WHAT YOU HAVE TO DO:
Pictures aside, each record should be reproduced exactly.

DATA TO USE:
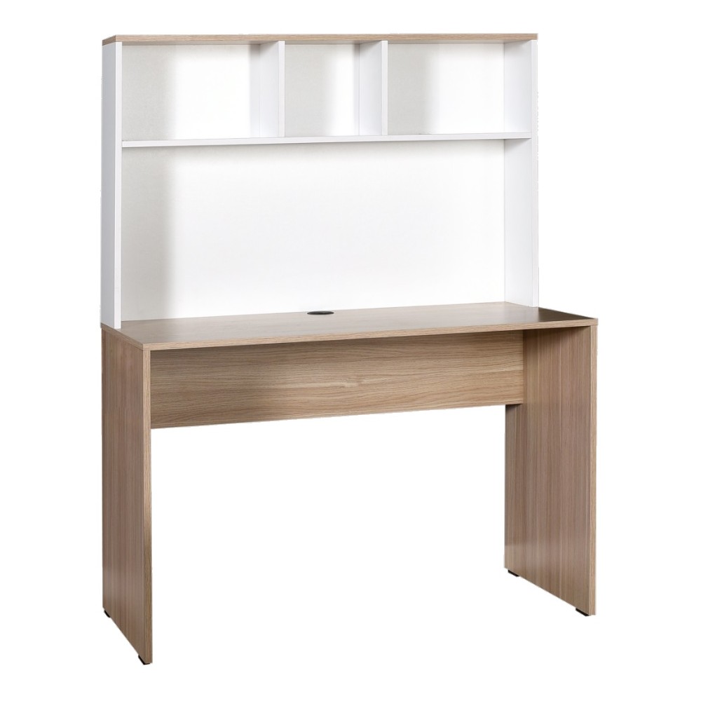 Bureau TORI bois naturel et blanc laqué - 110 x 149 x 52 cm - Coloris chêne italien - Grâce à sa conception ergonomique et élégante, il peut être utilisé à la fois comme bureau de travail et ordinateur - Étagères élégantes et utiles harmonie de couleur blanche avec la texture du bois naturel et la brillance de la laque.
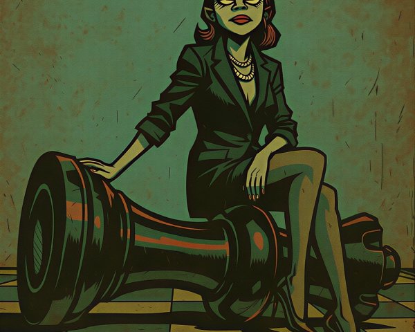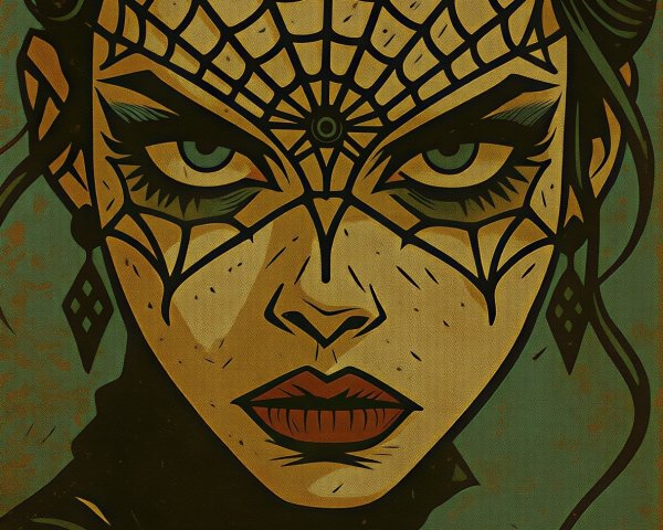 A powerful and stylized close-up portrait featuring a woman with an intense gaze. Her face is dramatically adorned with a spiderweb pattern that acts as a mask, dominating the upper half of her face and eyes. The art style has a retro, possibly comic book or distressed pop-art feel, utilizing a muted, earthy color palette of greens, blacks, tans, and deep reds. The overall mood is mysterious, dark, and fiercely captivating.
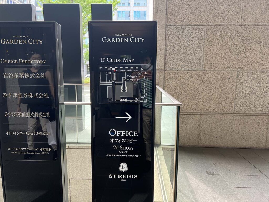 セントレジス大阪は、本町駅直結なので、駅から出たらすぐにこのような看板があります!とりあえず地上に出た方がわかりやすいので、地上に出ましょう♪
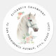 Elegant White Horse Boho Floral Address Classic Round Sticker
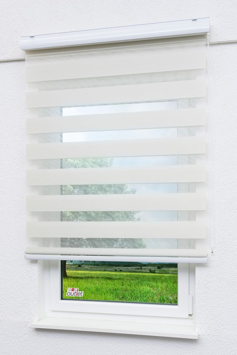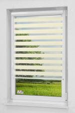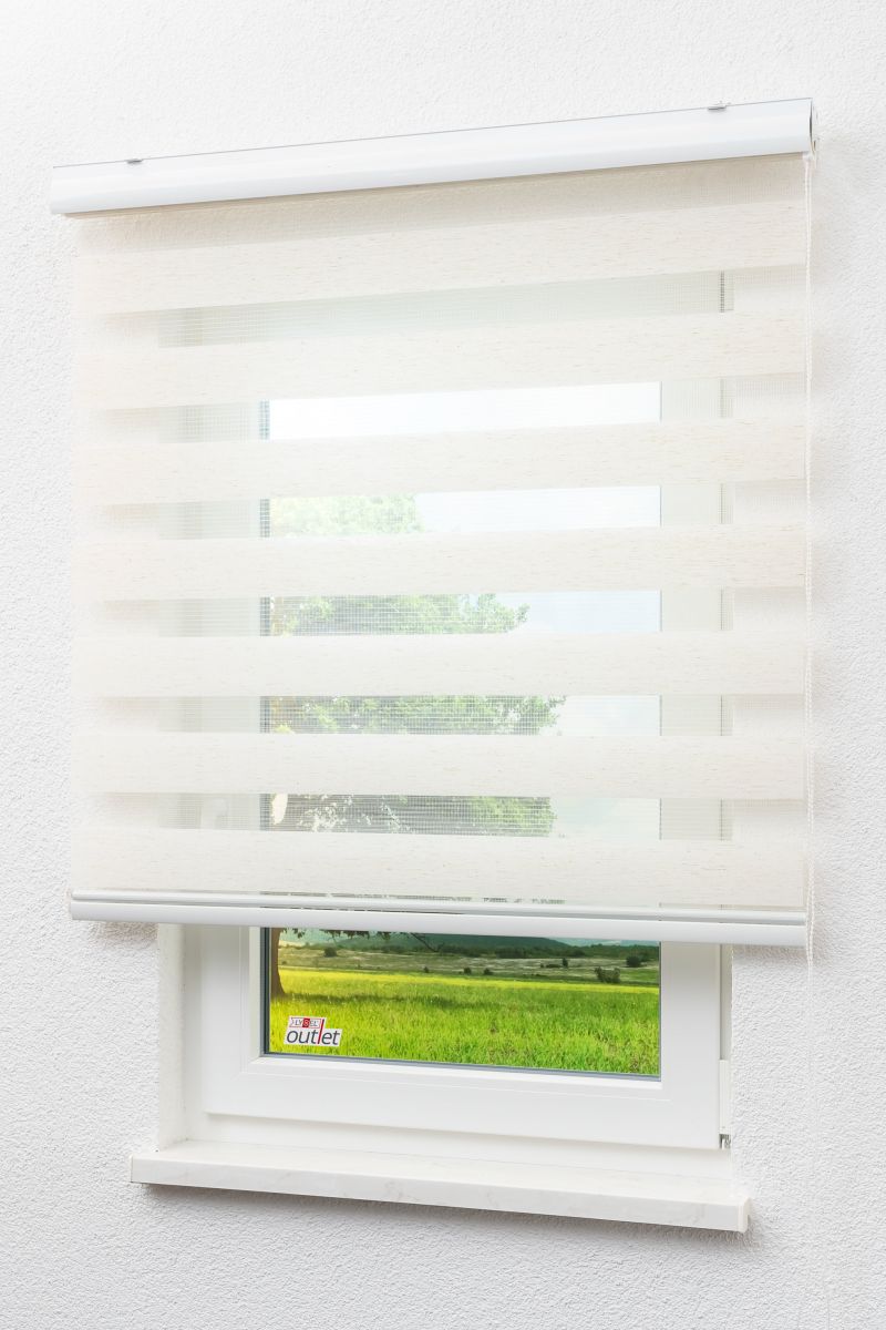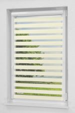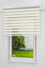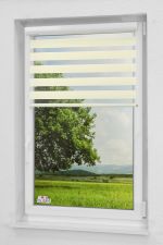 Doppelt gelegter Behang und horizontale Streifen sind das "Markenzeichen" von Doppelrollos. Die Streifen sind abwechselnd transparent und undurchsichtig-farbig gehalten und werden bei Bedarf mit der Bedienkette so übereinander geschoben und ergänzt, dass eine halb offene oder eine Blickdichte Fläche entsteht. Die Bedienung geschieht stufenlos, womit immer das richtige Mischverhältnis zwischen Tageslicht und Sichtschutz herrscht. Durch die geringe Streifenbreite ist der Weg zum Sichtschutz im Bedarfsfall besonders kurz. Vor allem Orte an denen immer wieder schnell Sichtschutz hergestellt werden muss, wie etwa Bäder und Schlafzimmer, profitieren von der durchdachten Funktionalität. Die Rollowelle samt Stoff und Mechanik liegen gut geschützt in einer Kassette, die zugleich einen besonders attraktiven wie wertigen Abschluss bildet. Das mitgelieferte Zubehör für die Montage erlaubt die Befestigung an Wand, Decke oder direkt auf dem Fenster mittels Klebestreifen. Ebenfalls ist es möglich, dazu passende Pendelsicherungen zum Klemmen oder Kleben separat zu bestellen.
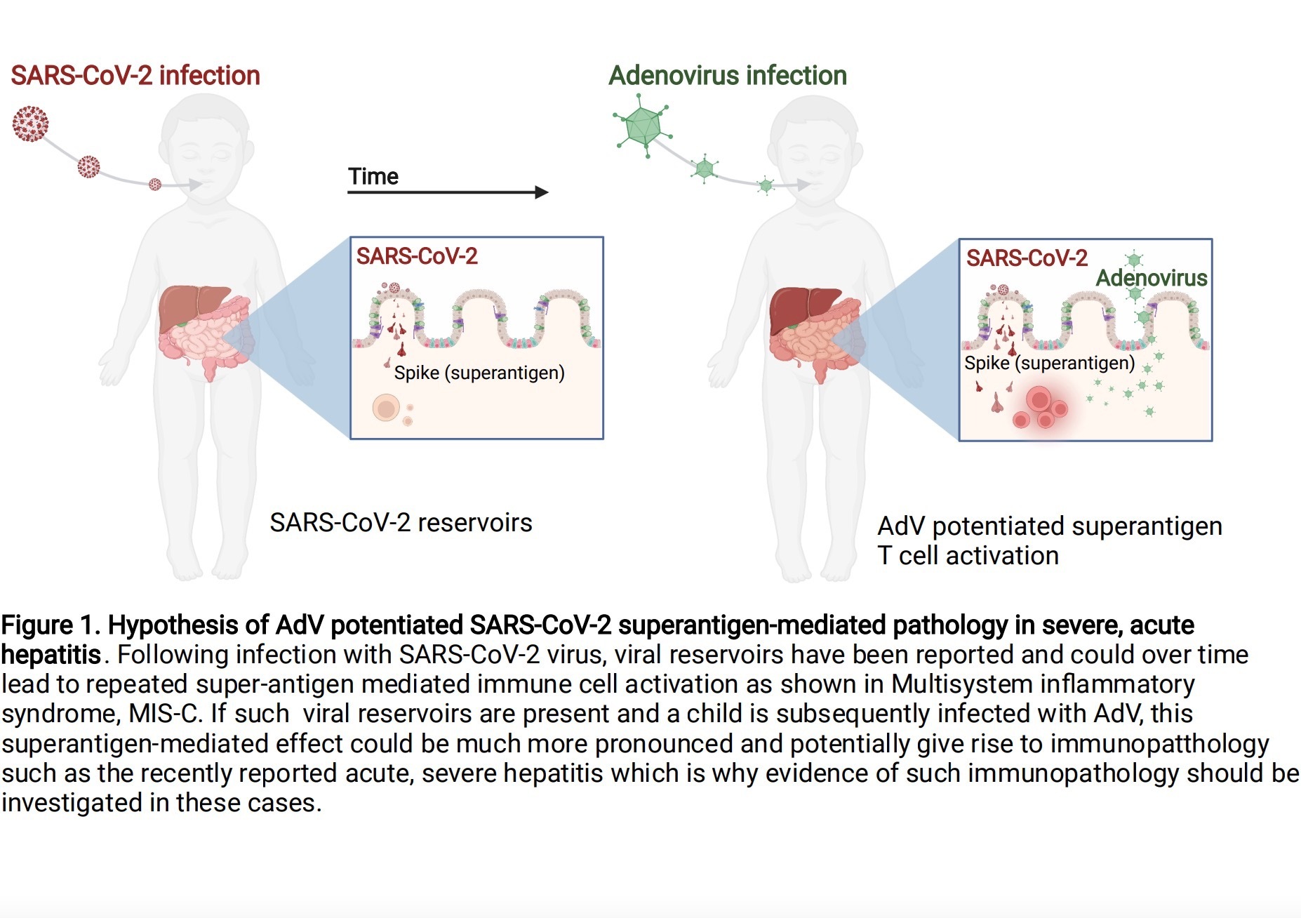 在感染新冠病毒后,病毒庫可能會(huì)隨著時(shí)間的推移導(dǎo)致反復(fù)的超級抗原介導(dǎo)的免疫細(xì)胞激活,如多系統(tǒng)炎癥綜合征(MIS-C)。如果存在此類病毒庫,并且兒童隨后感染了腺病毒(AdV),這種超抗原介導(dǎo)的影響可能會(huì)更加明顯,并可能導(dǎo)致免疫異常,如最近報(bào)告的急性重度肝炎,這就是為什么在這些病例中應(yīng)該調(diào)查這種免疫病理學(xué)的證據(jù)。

WRITTEN ANSWER:
 Bureau TORI bois naturel et blanc laqué - 110 x 149 x 52 cm - Coloris chêne italien - Grâce à sa conception ergonomique et élégante, il peut être utilisé à la fois comme bureau de travail et ordinateur - Étagères élégantes et utiles harmonie de couleur blanche avec la texture du bois naturel et la brillance de la laque.
 A powerful and stylized close-up portrait featuring a woman with an intense gaze. Her face is dramatically adorned with a spiderweb pattern that acts as a mask, dominating the upper half of her face and eyes. The art style has a retro, possibly comic book or distressed pop-art feel, utilizing a muted, earthy color palette of greens, blacks, tans, and deep reds. The overall mood is mysterious, dark, and fiercely captivating.
 セントレジス大阪は、本町駅直結なので、駅から出たらすぐにこのような看板があります!とりあえず地上に出た方がわかりやすいので、地上に出ましょう♪
 Elegant White Horse Boho Floral Address Classic Round Sticker
 Doppelt gelegter Behang und horizontale Streifen sind das "Markenzeichen" von Doppelrollos. Die Streifen sind abwechselnd transparent und undurchsichtig-farbig gehalten und werden bei Bedarf mit der Bedienkette so übereinander geschoben und ergänzt, dass eine halb offene oder eine Blickdichte Fläche entsteht. Die Bedienung geschieht stufenlos, womit immer das richtige Mischverhältnis zwischen Tageslicht und Sichtschutz herrscht. Durch die geringe Streifenbreite ist der Weg zum Sichtschutz im Bedarfsfall besonders kurz. Vor allem Orte an denen immer wieder schnell Sichtschutz hergestellt werden muss, wie etwa Bäder und Schlafzimmer, profitieren von der durchdachten Funktionalität. Die Rollowelle samt Stoff und Mechanik liegen gut geschützt in einer Kassette, die zugleich einen besonders attraktiven wie wertigen Abschluss bildet. Das mitgelieferte Zubehör für die Montage erlaubt die Befestigung an Wand, Decke oder direkt auf dem Fenster mittels Klebestreifen. Ebenfalls ist es möglich, dazu passende Pendelsicherungen zum Klemmen oder Kleben separat zu bestellen.
 在感染新冠病毒后,病毒庫可能會(huì)隨著時(shí)間的推移導(dǎo)致反復(fù)的超級抗原介導(dǎo)的免疫細(xì)胞激活,如多系統(tǒng)炎癥綜合征(MIS-C)。如果存在此類病毒庫,并且兒童隨后感染了腺病毒(AdV),這種超抗原介導(dǎo)的影響可能會(huì)更加明顯,并可能導(dǎo)致免疫異常,如最近報(bào)告的急性重度肝炎,這就是為什么在這些病例中應(yīng)該調(diào)查這種免疫病理學(xué)的證據(jù)。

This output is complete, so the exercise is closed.